Duh, Fenomena Cuaca Ekstrem di Indonesia Cenderung Meningkat

Ilustrasi badai-BMKG minta masyarakat waspada cuaca ekstrem selama periode Nataru 2023/2024.

Ilustrasi badai-BMKG minta masyarakat waspada cuaca ekstrem selama periode Nataru 2023/2024. (sumber: StormGeo)

Topcareer.id – Tak bisa dipungkiri lagi bahwa saat ini manusia tengah menghadapi perubahan iklim di berbagai belahan dunia. Termasuk fenomena cuaca ekstrem di Indonesia yang cenderung meningkat disebabkan oleh dampak perubahan iklim.

Seperti yang dikatakan Dosen Laboratorium Hidrologi dan Klimatologi Lingkungan, Fakultas Geografi UGM, Dr. Andung Bayu Sekaranom, yang mencotohkan mulai dari meningkatnya frekuensi bencana banjir, meningkatnya bencana kekeringan, dan mundurnya masa musim hujan.

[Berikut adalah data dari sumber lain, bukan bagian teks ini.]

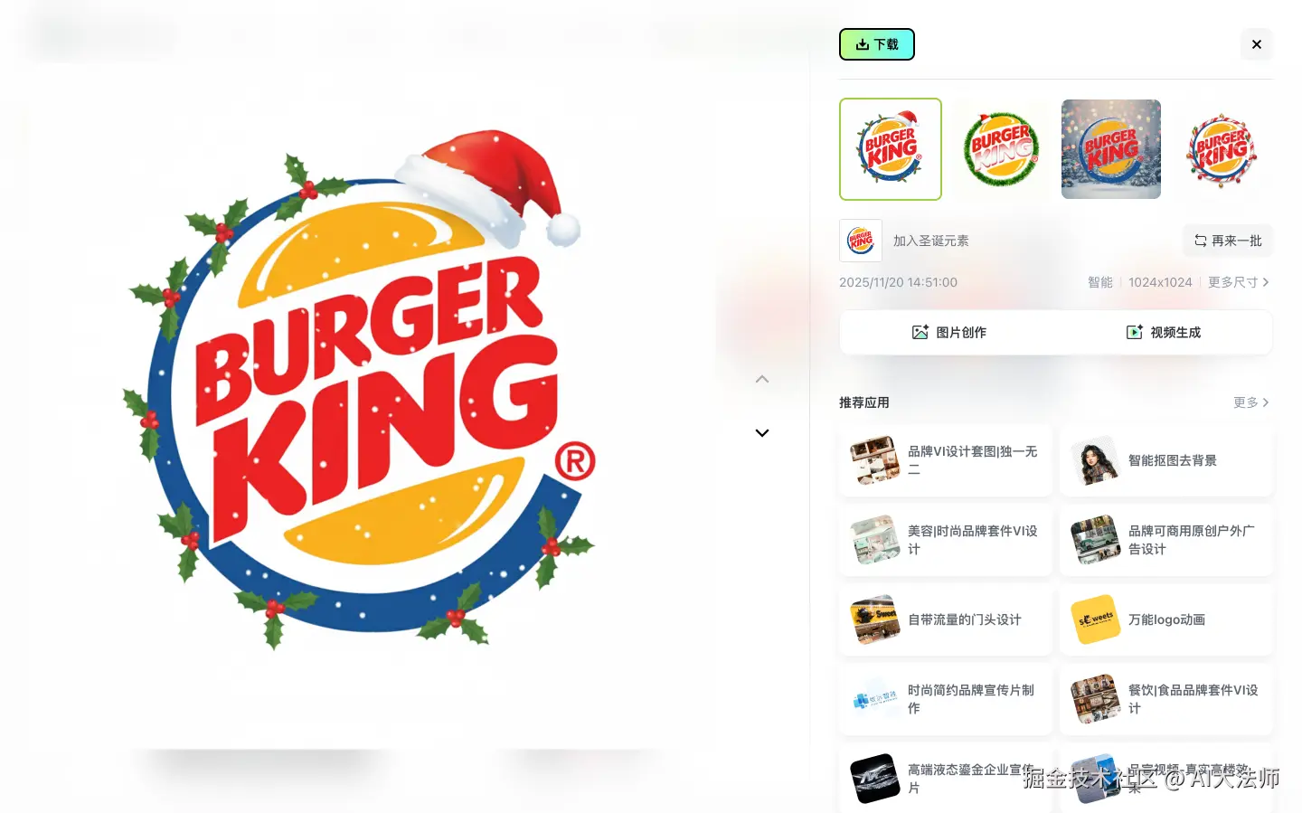 但传统设计总踩坑:要么把logo改得“亲妈不认”,红配绿堆一堆,连“这是汉堡王”都看不出来;要么耗时太久,等设计好,圣诞预热都过一半了。直到AI设计工具出现,这些问题才算有了解法。

Diprediksi, kaya dia, dalam rentang dua puluh tahun ke depan dampak perubahan iklim yang ditimbulkan jauh lebih parah karena adanya kenaikan suhu global yang lebih tinggi.

“Diprediksi oleh banyak lembaga internasional bahwa suhu akan meningkat dan hawa panas di mana-mana di belahan bumi ini,” kata Andung dalam seminar yang bertajuk Prediksi Musim; Antara Variabilitas dan Perubahan Iklim, dikutip dari rilis berita laman resmi UGM, Jumat (24/3/2023).

Menurut Andung, negara yang berada di daerah tropis dan subtropis, selain mengalami peningkatan temperatur juga akan mengalami peningkatan curah hujan.

“Hingga tahun 2100 akan semakin tinggi tingkat curah hujan ada kaitannya dengan bencana sehingga perlu mitigasi,” ujarnya.

Baca juga: Kemnaker Dorong Anak Muda Indonesia Berkarier Di ILO

Andung menilai perubahan iklim dapat berpotensi menjadi katalis perubahan cuaca ekstrem yang terjadi dalam jangka pendek, namun seringkali terkendala keterbatasan data untuk dianalisis.

Namun, di tingkat masyarakat, persepsi terkait dengan dampak perubahan iklim ini dapat berbeda-beda karena faktor usia, lokasi tempat tinggal dan tingkat pendidikan sehingga penting adanya konfirmasi persepsi dengan data. “Kita butuh data lebih detail seberapa besar dampak dari perubahan iklim ini,” imbuhnya.

Koordinator Bidang Analisis Variabilitas Iklim BMKG Pusat, Supari menyampaikan data layanan informasi cuaca di BMKG sendiri menggunakan data dari hasil observasi 42 radar, 113 meteorologi station, 102 upper air station, 14 marine meteorologi station, dan lebih 1200 Automatic Weather Station (AWS).

Dari data observasi ini umumnya menyampaikan kondisi cuaca di permukaan, atmosfer, juga terkait kondisi angin, suhu, tekanan dan kelembaban udara. Lalu, tim melakukan asimilasi data dengan menggabungkan semua data pengamatan yang dikonversi menjadi sebuah model prakiraan.

“Hasil pemodelan cuaca dengan bentuk prakiraan berbasis dampak. Kemudian bisa memberikan informasi lebih lanjut dengan prakiraan dan dampak yang dihasilkan,” jelas dia.